■ **Data shown**:
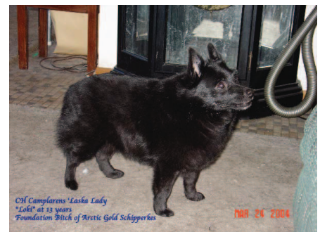
Ch Camplarens 'Laska Lady 'Loki' at 13 years Foundation of Arctic Gold Schipperkes
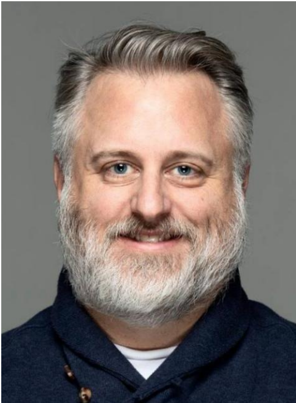
Hank Stuever (The Washington Post)
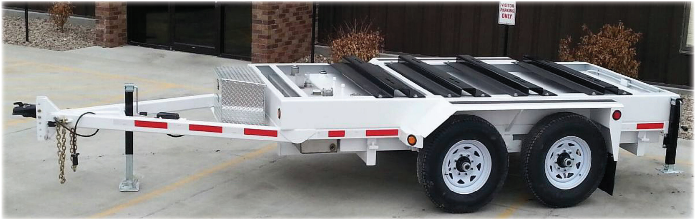
MODEL SHOWN: ET440D ENGINE TRAILER (DOT COMPLIANT)
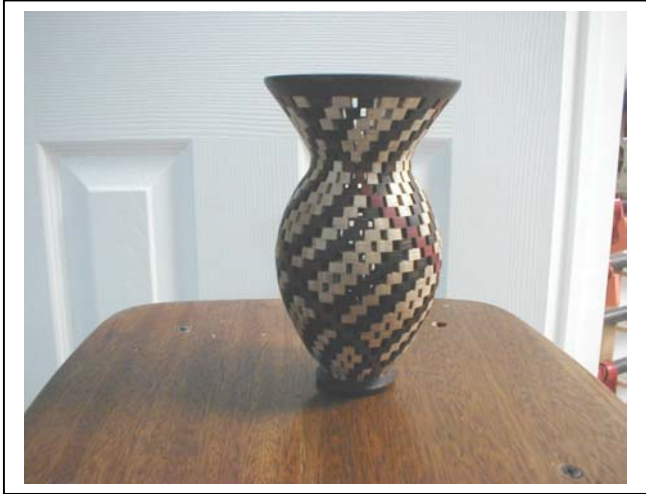
Open segmented vase by Dean Swagert. Made up of over 700 pieces of Bloodwood, Wenge and Maple
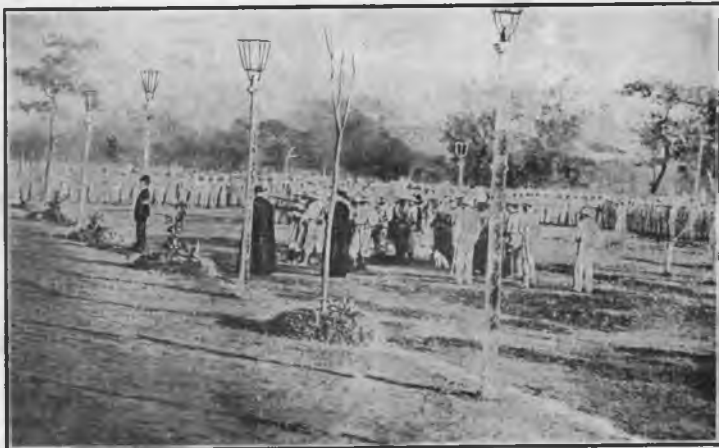
Rizal's Execution.

His widow joined the insurgents at Cavite, and later returned to Manila and then to Hong Kong where in 1898 she was married to a Filipino student from Cebu. She taught in the public schools of Manila in 1901, and in the following year died in Hong Kong and is buried there in
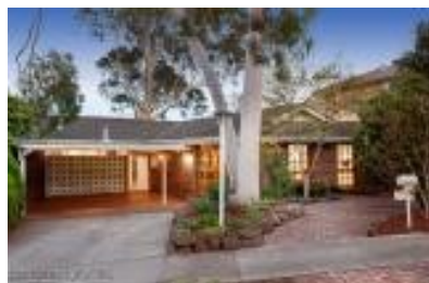
15 Rodney Ct VIEWBANK 3084 (REI)
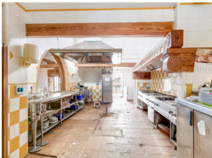
Spacious gastronomy kitchen
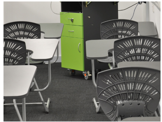
Pops of bright colour are great with the grey Bodyfurn® Sled Chairs.
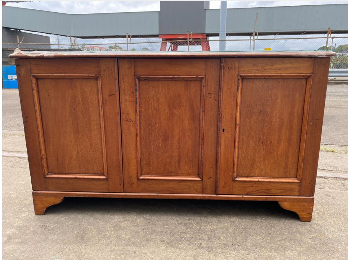
Caption: Timber cabinet with three paneled doors, front profile, at Port Authority of NSW furniture shed, Glebe Island, Rozelle.
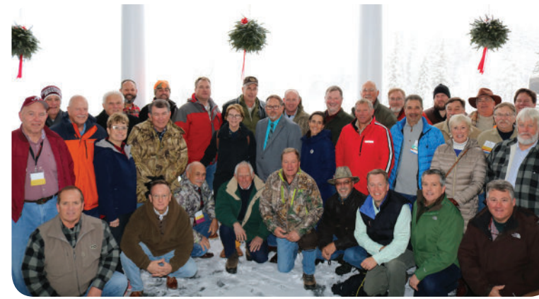
Legislators gathered at the NASC Annual Sportsman-Legislator Summit in Bretton Woods, New Hampshire
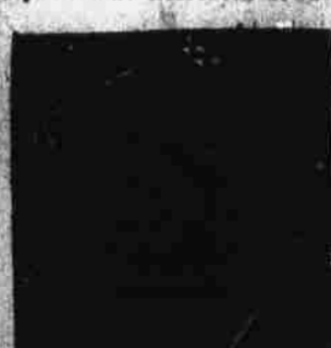
Belt-Style Swim Trunks

Dress slacks of cotton slub suiting. Tan or blue. Sizes 6-16.
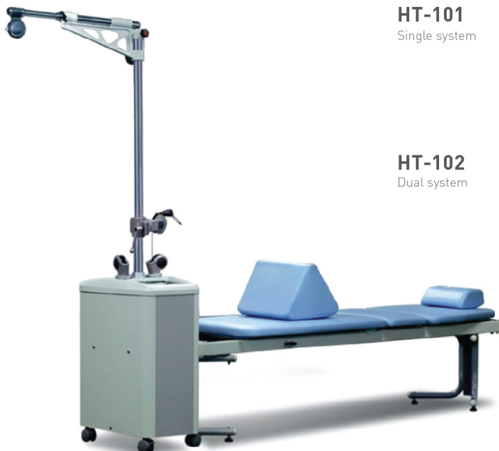
HT-101 Single system

* HT-102S (with one bed), HT-102D (with two beds)
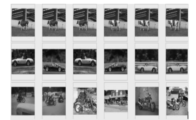
Fig. 3. Sample images from TUDarmstadt Dataset
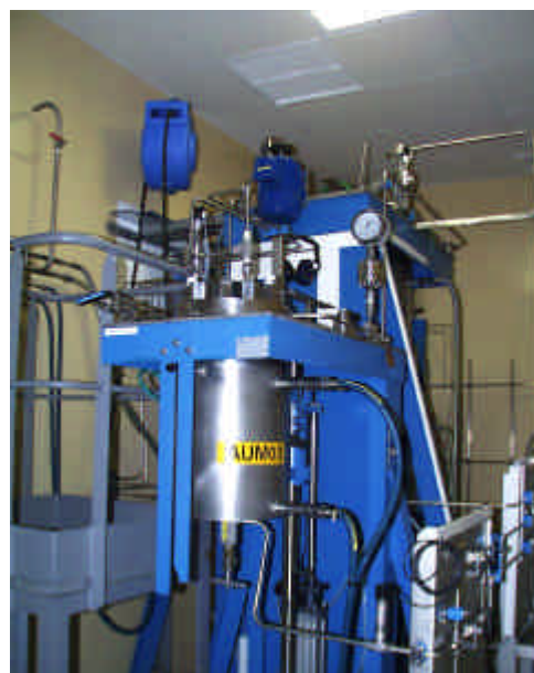
Figure 2: View of the apparatus (extraction vessel)

A view of a part of the apparatus is given in the figure 2.
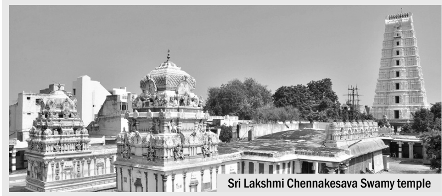
Sri Lakshmi Chennakesava Swamy temple

only two times since its inception. After the YSR Congress Party was established, the locals supported its candidates and elected them as MLAs in 2014 and 2019.
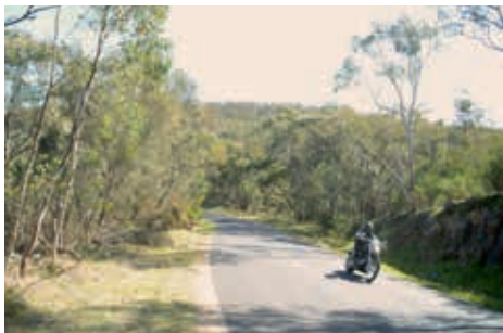
Touring by car or motorcycling great roads great views

■ **Assigned task**: Please reproduce the listing exactly, leaving out any pictures.

■ **Result below**:
Ch Camplarens 'Laska Lady 'Loki' at 13 years Foundation of Arctic Gold Schipperkes
Hank Stuever (The Washington Post)
MODEL SHOWN: ET440D ENGINE TRAILER (DOT COMPLIANT)
Open segmented vase by Dean Swagert. Made up of over 700 pieces of Bloodwood, Wenge and Maple
Rizal's Execution.

His widow joined the insurgents at Cavite, and later returned to Manila and then to Hong Kong where in 1898 she was married to a Filipino student from Cebu. She taught in the public schools of Manila in 1901, and in the following year died in Hong Kong and is buried there in
15 Rodney Ct VIEWBANK 3084 (REI)
Spacious gastronomy kitchen
Pops of bright colour are great with the grey Bodyfurn® Sled Chairs.
Caption: Timber cabinet with three paneled doors, front profile, at Port Authority of NSW furniture shed, Glebe Island, Rozelle.
Legislators gathered at the NASC Annual Sportsman-Legislator Summit in Bretton Woods, New Hampshire
Belt-Style Swim Trunks

Dress slacks of cotton slub suiting. Tan or blue. Sizes 6-16.
HT-101 Single system

* HT-102S (with one bed), HT-102D (with two beds)
Fig. 3. Sample images from TUDarmstadt Dataset
Figure 2: View of the apparatus (extraction vessel)

A view of a part of the apparatus is given in the figure 2.
Sri Lakshmi Chennakesava Swamy temple

only two times since its inception. After the YSR Congress Party was established, the locals supported its candidates and elected them as MLAs in 2014 and 2019.
Touring by car or motorcycling great roads great views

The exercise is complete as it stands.